Valores e princípios da educação racional libertária 
 
 Há princípios que são comuns nas propostas libertárias: a luta contra a autoridade e a 
busca da transformação da sociedade. Esses princípios pretendem destruir a ordem estabelecida 
para buscar a renovação e a reconstrução da sociedade. Mas há um ingrediente a mais na 
educação libertária, a crença numa racionalidade que pode possibilitar a libertação do homem. A 
crença nas possibilidades iluminadoras e libertadoras da razão se consolida a partir do final do 
século XVIII, com o movimento Iluminista na Europa. No século XIX, as diferentes tendências 
socialistas e anarquistas abraçam a racionalidade como um instrumento imprescindível para 
libertação do homem frente as superstições e dogmas. Acreditavam que a razão humana poderia 
ser o veículo por meio do qual o homem se educaria para criar uma nova ordem no mundo social 
e natural. Desse modo, o homem não se submeteria mais ao crivo da autoridade ou da tradição, 
seu guia seria a sua racionalidade, por meio da qual o homem poderia conhecer mais 
profundamente a realidade. Acreditavam que a razão humana poderia conduzir o homem na 
direção de uma nova organização da realidade social, porque a razão libertava o homem dos 
dogmas, por isso um novo tipo de sociedade dependia da intervenção de ações racionais. O 
homem consciente guiado pela razão poderia fazer mudanças substanciais na sociedade. No 
periódico O Trabalho, publicado em São Paulo, em 1˚ de maio de 1931, um artigo ao analisar os 
fatores que conduzem a revolução social dizia: 
 
“Implacável e destruidor, intelligente e constructivo, tal é o movimento do homem 
consciente, que procura a reintegração da espécie no verdadeiro rythmo da vida livre e 
desembaraçada da Natureza”. (O Trabalho, 1˚ de maio de 1931, p.2) 
 
 
 Anarquistas e socialistas associavam a questão da racionalidade com a liberdade, assim a 
racionalidade não deve ser apenas um recurso epistemológico para chegar à verdade, mas um 
instrumento que possibilitaria a libertação dos limites impostos pelos dogmas e superstições 
vigentes na realidade. Propunham unir três princípios: a racionalidade, a liberdade e a 
espontaneidade na educação racionalista libertária. 
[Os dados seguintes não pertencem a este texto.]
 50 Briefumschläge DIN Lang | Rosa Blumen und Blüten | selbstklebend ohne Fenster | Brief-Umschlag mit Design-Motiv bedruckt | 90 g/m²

De acordo com os defensores da pedagogia libertária, a racionalidade e a liberdade são 
princípios importantes para promover mudanças básicas na estrutura da sociedade e substituir o 
estado autoritário por um modo de cooperação entre indivíduos livres. 
 É preciso assinalar que a formação de indivíduos livres é um princípio fundamental na 
proposta anarquista de educação, pois ao consultar os periódicos socialistas de tendência não 
anarquista constatamos que esta perspectiva não é enfatizada. Há entre os anarquistas uma 
preocupação com a soberania da escolha individual, o anarquista rejeita tanto a democracia 
quanto a autocracia. O anarquismo prega a soberania da pessoa. Uma quantidade expressiva de 
anarquistas propõe uma espécie de comunismo libertário, uma formação social sem hierarquia e 
autogestionária, sem a exploração do homem pelo homem. 
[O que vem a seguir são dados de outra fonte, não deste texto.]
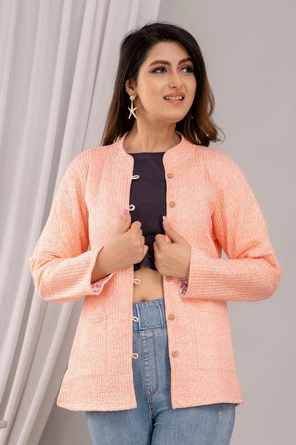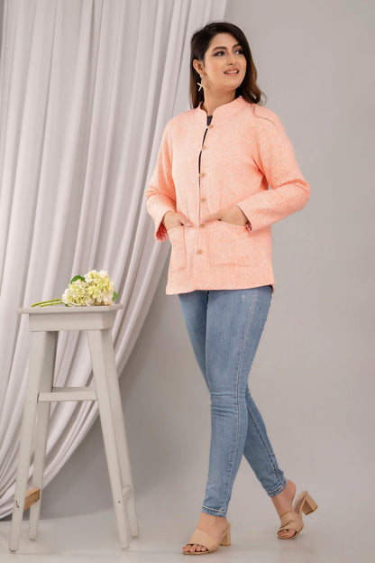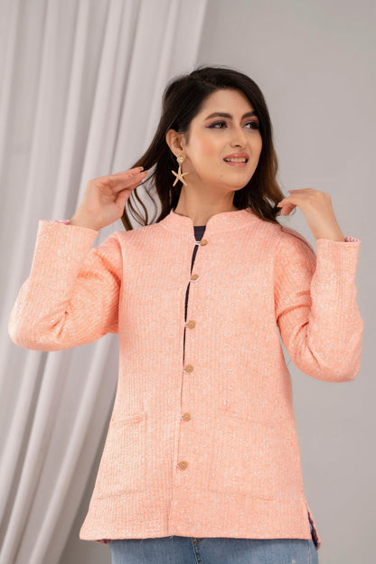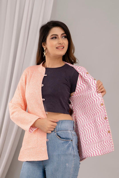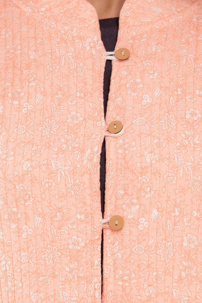 Women Printed Lightweight Cotton Quilted Peach Jacket - SHKL1020
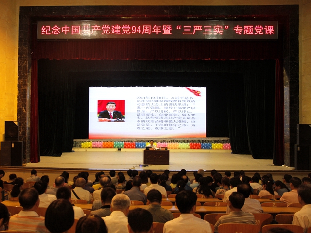 学校党委书记李海红为全体教工党员主讲题为《践行“三严三实”,做合格的共产党人》的专题党课。校领导盖元臣、张学军、郑喜群、邓启刚、王刚、李英杰、李敏义,校党委常委、组织部部长齐宏伟与全校教工党员共聚一堂,热烈庆祝党的生日,聆听“三严三实”专题教育党课。“三严三实”专题教育党课由校党委副书记盖元臣主持。

A luta pela soberania da pessoa e de uma sociedade onde todos trabalhariam com 
liberdade caracteriza a visão anarquista de mundo. Kropotkin ilustra bem essa visão, quando 
explica o que é comunidade, de acordo com ele, comunidade é uma associação voluntária que 
reúne os interesses sociais, representada por um grupo de indivíduos que produz uma rede de 
cooperação com outras comunas (Woodcock, 2002). 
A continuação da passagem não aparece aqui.